Our objective, therefore, is to combine the data sources, creating a complete version of the manuscript that encompasses all known images. Specifically, we focus on the diachronic axis of the image sets (that is, their change over time) and attempt to organize them in a way that allows meticulous observation of the manuscript’s evolution over time. We also present a registered image viewer tool that enables direct comparison of the original images while maintaining their visual context.

Related Work

Image Registration

Image registration is a well-studied problem with a wide array of applications, largely in medical imaging. Image registration is the process of aligning two images by mapping a sensed or moving image into the coordinate system of a reference or fixed image R, yielding a registered image SR.5 The images are of the same scene or object, but they may differ by time, modality, viewpoint, illumination, or a number of other parameters. [End Page 485]

In the case of the St. Chad Gospels, the 2010 photograph of each page is treated as the reference, and each additional image of that page is individually registered to the reference. The 2010 pages are chosen as the reference set because they are the most recent, most complete, and highest resolution of the image sets. The 2010 set is also multispectral and includes multi-modal images captured simultaneously with the visible-spectrum photographs. Since these multimodal images were captured without moving the manuscript or the camera, they are already aligned or registered to the base 2010 images.

Registration of Manuscript Images

In 2008, the Archimedes Palimpsest project took a number of image sets, including Heiberg’s 1906 photography of the palimpsest, and registered them to high-resolution multispectral photos taken in 2007.6 The study similarly addressed a registration problem over a diachronic axis. This manual registration process involved scaling and warping, and presumably relied upon an affine transform, meaning it would not have accounted for any nonlinear warping that might have occurred between images.

In 2009, Baumann and Seales applied registration tools to manuscript pages in an effort to overcome a problematic camera sensor.7 While creating a set that included a photo and a 3D scan of each page (taken simultaneously), they discovered that a dirty sensor on the camera had produced some images of unacceptable quality. They re-photographed those pages, but, due to time constraints, they were unable to perform new 3D scans of the pages. Instead, they registered the high-quality sensed images to the “dirty” reference [End Page 486] photos taken earlier. Doing so allowed them to texture the 3D scans with the high-quality images and then perform digital flattening techniques to remove imperfections in the images due to warped pages. They used warping with a triangulated mesh, which was an improvement over the affine transform used with the Archimedes Palimpsest.

These projects show a marked improvement in the preservation and visualization of ancient manuscripts, but leave room for further work. To be most practical, a diachronic edition of a manuscript should be complete, well aligned with high-quality registration, and accessible via an interactive and useful interface.

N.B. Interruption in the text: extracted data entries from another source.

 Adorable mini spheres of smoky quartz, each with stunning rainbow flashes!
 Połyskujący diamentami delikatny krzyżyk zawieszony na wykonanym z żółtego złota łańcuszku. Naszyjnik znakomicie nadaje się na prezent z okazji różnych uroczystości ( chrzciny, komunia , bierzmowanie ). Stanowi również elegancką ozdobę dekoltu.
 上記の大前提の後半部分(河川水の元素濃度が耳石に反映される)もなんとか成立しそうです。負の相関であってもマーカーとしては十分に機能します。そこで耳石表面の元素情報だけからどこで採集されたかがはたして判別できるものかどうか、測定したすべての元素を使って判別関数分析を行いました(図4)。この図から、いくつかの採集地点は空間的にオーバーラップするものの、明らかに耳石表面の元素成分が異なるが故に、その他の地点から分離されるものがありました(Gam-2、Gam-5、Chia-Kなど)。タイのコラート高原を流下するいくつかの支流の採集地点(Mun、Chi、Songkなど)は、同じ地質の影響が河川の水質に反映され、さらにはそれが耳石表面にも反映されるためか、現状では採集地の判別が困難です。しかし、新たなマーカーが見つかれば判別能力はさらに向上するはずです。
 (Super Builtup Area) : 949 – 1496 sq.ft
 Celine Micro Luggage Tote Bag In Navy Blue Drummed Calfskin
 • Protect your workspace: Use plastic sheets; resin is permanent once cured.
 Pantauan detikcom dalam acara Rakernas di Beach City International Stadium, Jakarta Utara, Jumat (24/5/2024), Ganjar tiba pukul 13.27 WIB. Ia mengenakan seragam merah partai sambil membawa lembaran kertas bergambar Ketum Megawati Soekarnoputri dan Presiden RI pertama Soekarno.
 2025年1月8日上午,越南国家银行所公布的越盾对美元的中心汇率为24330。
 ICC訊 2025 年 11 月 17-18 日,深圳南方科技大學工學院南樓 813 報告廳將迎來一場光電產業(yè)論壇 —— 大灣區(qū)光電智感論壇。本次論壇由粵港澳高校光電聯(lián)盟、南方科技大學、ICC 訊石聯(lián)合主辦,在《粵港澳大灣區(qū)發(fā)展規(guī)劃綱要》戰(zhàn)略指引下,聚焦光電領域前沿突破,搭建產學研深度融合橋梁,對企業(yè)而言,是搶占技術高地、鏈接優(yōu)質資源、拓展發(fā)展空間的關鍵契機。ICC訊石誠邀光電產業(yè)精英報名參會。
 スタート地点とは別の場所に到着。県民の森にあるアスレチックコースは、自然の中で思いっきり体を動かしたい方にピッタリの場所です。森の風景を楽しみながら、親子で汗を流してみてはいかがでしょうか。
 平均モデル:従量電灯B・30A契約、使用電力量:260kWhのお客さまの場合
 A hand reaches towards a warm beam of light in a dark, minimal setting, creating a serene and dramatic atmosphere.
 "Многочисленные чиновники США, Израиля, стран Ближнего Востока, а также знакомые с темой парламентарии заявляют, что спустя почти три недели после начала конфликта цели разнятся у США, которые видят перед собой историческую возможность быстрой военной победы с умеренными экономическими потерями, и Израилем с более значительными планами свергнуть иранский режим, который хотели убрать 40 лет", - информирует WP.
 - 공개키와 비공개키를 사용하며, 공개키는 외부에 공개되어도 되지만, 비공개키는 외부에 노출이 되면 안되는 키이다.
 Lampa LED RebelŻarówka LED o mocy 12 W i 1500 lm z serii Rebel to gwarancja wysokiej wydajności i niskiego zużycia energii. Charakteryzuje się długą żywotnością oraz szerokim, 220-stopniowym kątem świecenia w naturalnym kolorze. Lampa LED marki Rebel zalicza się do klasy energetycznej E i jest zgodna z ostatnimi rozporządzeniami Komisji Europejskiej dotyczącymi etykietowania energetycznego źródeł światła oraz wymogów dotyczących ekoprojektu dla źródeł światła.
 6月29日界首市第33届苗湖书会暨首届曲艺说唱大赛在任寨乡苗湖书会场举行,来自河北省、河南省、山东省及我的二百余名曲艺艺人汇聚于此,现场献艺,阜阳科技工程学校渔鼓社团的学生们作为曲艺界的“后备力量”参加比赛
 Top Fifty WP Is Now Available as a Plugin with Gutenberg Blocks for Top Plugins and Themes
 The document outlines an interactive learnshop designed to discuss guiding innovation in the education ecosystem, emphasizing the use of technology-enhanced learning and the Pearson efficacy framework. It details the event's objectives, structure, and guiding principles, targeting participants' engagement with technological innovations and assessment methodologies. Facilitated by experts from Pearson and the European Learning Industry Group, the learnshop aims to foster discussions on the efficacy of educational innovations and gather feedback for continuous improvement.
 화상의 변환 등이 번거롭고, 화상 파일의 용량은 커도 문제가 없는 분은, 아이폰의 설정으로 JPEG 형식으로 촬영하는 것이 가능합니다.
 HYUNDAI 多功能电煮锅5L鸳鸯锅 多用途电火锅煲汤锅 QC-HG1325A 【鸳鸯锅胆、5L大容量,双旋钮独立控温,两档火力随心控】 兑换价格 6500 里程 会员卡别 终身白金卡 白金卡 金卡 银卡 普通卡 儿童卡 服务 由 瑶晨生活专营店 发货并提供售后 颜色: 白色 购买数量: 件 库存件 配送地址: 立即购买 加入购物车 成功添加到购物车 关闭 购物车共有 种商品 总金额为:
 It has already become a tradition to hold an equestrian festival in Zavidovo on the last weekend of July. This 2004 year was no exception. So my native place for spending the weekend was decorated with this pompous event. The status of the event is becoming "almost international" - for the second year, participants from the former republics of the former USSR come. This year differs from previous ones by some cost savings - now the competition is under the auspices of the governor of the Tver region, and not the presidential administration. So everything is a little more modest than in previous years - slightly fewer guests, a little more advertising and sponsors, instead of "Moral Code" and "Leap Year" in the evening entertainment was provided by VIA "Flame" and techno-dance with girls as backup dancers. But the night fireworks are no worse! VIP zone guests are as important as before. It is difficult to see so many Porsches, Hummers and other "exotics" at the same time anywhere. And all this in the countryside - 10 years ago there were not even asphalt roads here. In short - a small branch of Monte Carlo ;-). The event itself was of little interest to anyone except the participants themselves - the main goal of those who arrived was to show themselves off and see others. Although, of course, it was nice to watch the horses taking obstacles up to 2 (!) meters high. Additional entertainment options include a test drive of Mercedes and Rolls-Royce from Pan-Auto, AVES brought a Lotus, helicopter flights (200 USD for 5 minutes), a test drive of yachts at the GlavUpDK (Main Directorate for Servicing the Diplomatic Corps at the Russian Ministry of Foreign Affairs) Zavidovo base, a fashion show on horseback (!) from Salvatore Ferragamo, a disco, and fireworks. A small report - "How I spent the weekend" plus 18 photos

Visualization of Registered Images

Making use of registered images requires a method for viewing the reference image R and the registered image SR so that their differences are readily apparent. In many cases, an observer wants to see how a specific feature of the manuscript has changed over time. Such discoveries can be made by identifying a point on R and asking how the corresponding point appears on SR.

The most obvious way to accomplish such comparison is to examine R and SR side by side—for example, with each occupying half of the view area. While this method places both images directly in front of the observer at the same time, it remains difficult to directly compare the specific points of interest. In switching attention from one image to the other, the observer loses their visual context and position. This method does not take advantage of the images being registered to the same coordinate system, and an observer could just as well use R and the original sensed image S.

This limitation can be overcome by “flickering” R and SR. The observer can view one image and then switch the display to show the other in its place. Since SR is registered to R, a point of interest will occupy the same spot on the screen regardless of which image is being viewed. By focusing on one point and switching back and forth repeatedly, an observer is able to see how that area changes across the images. However, entirely switching out the images remains overwhelming to the observer, who is tasked with mentally tracking the points and trying to remember what they looked like [End Page 487] on the other image. The result is a confusing visualization that does not clearly illustrate differences.

Another similar approach is to somewhat combine the side-by-side and flicker methods. Here, two images are stacked, and instead of switching completely between them, the user uses a sliding bar over the images to choose how much of each image to view. However, this process, like the others, allows comparison along only one axis at a time.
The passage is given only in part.